Abschließend soll noch erwähnt werden, daß diese vorstehend beschriebene Art der Messung von Flächendeckungsgraden von Rasterungen sowohl in der Hauptsetzrichtung "X", als auch in Y-Richtung möglich ist, d.h., daß die Meßspur 26 eines Probefilms 21, 22 entweder einem waagerechten Teil einer gerasterten Fläche einer Probelichtung entspricht oder einem senkrechten Teil.


Anspruch[de]
  1. 1. Verfahren zum Abgleichen einer Kathodenstrahlröhre oder Laserlichtquelle in einer Fotosetzmaschine, wobei die tatsächlichen Werte des Aufzeichnungsstrahles bezüglich seiner Intensität überwacht, gemessen und korrigiert werden, dadurch gekennzeichnet, daß ein belichteter Testfilm (21, 22) mit verschiedenen Rastern unterschiedlicher Flächendeckungsgrade (27, 27a) und mindestens einer Volltonfläche, von dem zu prüfenden Kathodenstrahl- oder Laserbelichter belichtet wird, dieser Film in einzelne Teststreifen (21, 22) zerschnitten und nacheinander einer in diesem Belichter angeordneten densitometrischen Meß- und Auswerte-Einrichtung (30) zugeführt und der so ermittelte Dichteverlauf für jeden Flächendeckungsgrad als Istwert einem Rechner (10) zugeführt und mit dort vorgegebenen Sollwerten verglichen und bei Differenz der Helligkeitssteuerung (48) ein Korrekturwert zugeführt wird.

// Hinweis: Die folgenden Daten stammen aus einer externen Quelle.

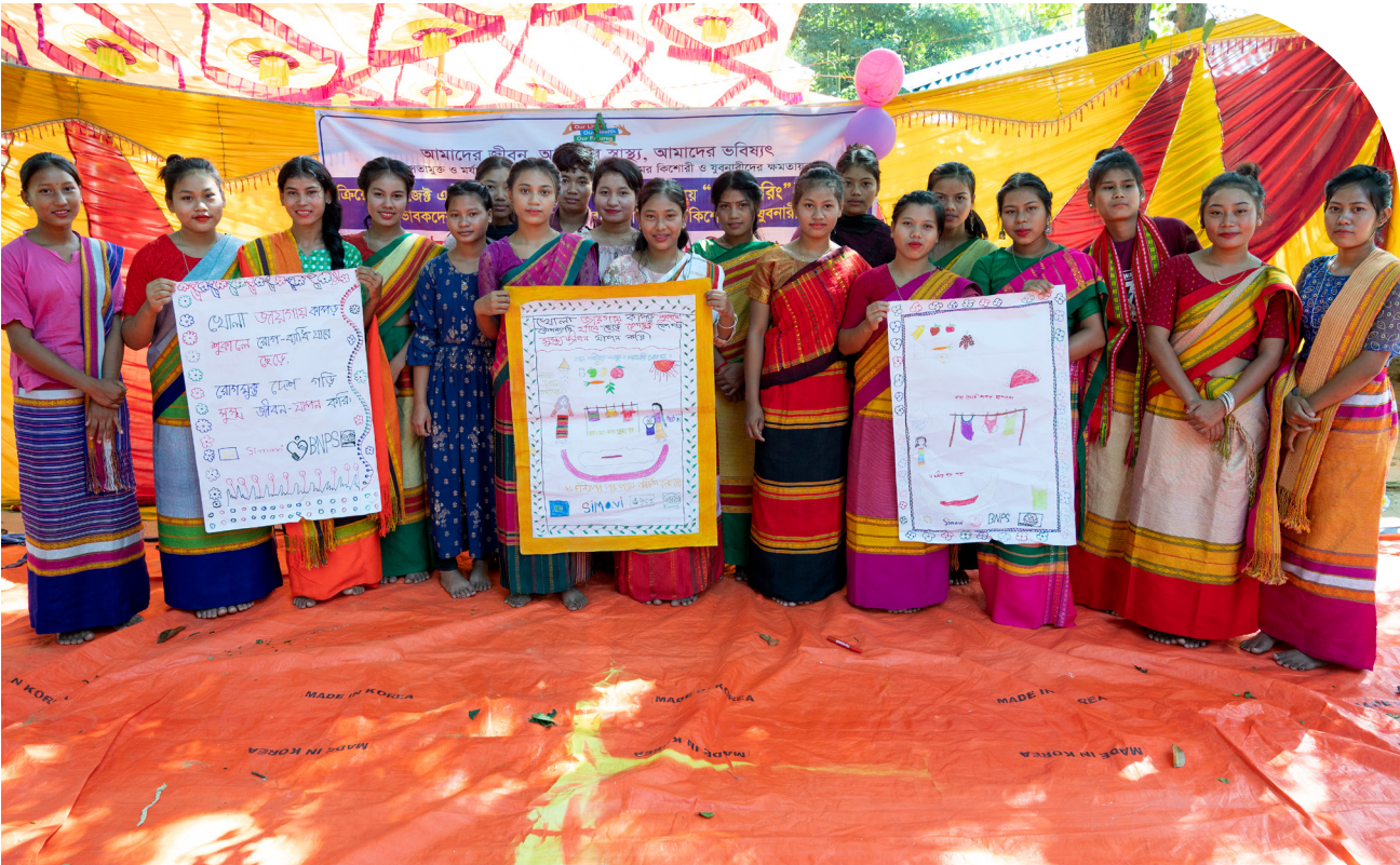
The members of the Montripara Girls Club, Khagrachari showing their poster presentation on menstrual health management

After I got my first period, I lost the freedom I had as a child. Whenever I go out, people always ask questions about where I am going, with whom, and for what. If I get home late, my neighbours gossip about it.

  2. 2. Fotosetzmaschine mit einer Kathodenstrahlröhre oder einer Laserlichtquelle und einem optischen Abbildungssystem, wobei zwischen Lichtquelle und Aufzeichnungsmaterial eine translatorische Bewegung stattfindet, dadurch gekennzeichnet, daß in der Fotosetzmaschine eine densitometrische Meß- und Auswerte-Einrichtung (30) zur Auswertung von auf dieser Fotosetzmaschine belichteten Probefilmstreifen (21, 22) angeordnet ist, wobei der mittels Sensoren (42, 43) ermittelte Dichteverlauf der Meßspur (26) in Ortsbeziehung zu den mittels der Taktspur (25) und den Sensoren (38, 39) parallel erzeugten Wegesignalen gebracht, über eine Steuer- und Meßeinrichtung (40) dem Rechner (10) zugeführt wird, wobei die Lichtquelle (1) über die Helligkeitssteuerung (48) mit dem Rechner (10) verbunden ist und von diesem mit Korrekturwerten beaufschlagt werden kann.
  3. 3. Vorrichtung zur Kontrolle des Dichteverlaufs von Rasterungen unterschiedlicher Flächendeckungsgrade in einer Fotosetzmaschine nach Anspruch 2, dadurch gekennzeichnet, daß ein Testfilm (21, 22) mit einer Volltonspur (23), einer Taktspur (25) und einer Meßspur (26) versehen ist, wobei die Meßspur (26) in einem bestimmten prozentualen Flächendeckungsgrad (27, 27a) gerastert oder eine Volltonfläche ist.
  4. 4. Vorrichtung nach den vorherigen Ansprüchen, dadurch gekennzeichnet, daß in Einschubeinrichtung des Testfilmstreifens (21) vor der Transportwalze (36) und der Andruckwalze (37) eine Gabellichtschranke (32, 33) angeordnet ist, die bei Unterbrechung durch die Volltonfläche (23) des Testfilms (21) ein Signal an die Treiberschaltung (34) abgibt und von dieser der Motor (35) der Transportwalze (36) mit entsprechenden Wegesignalen beaufschlagbar ist.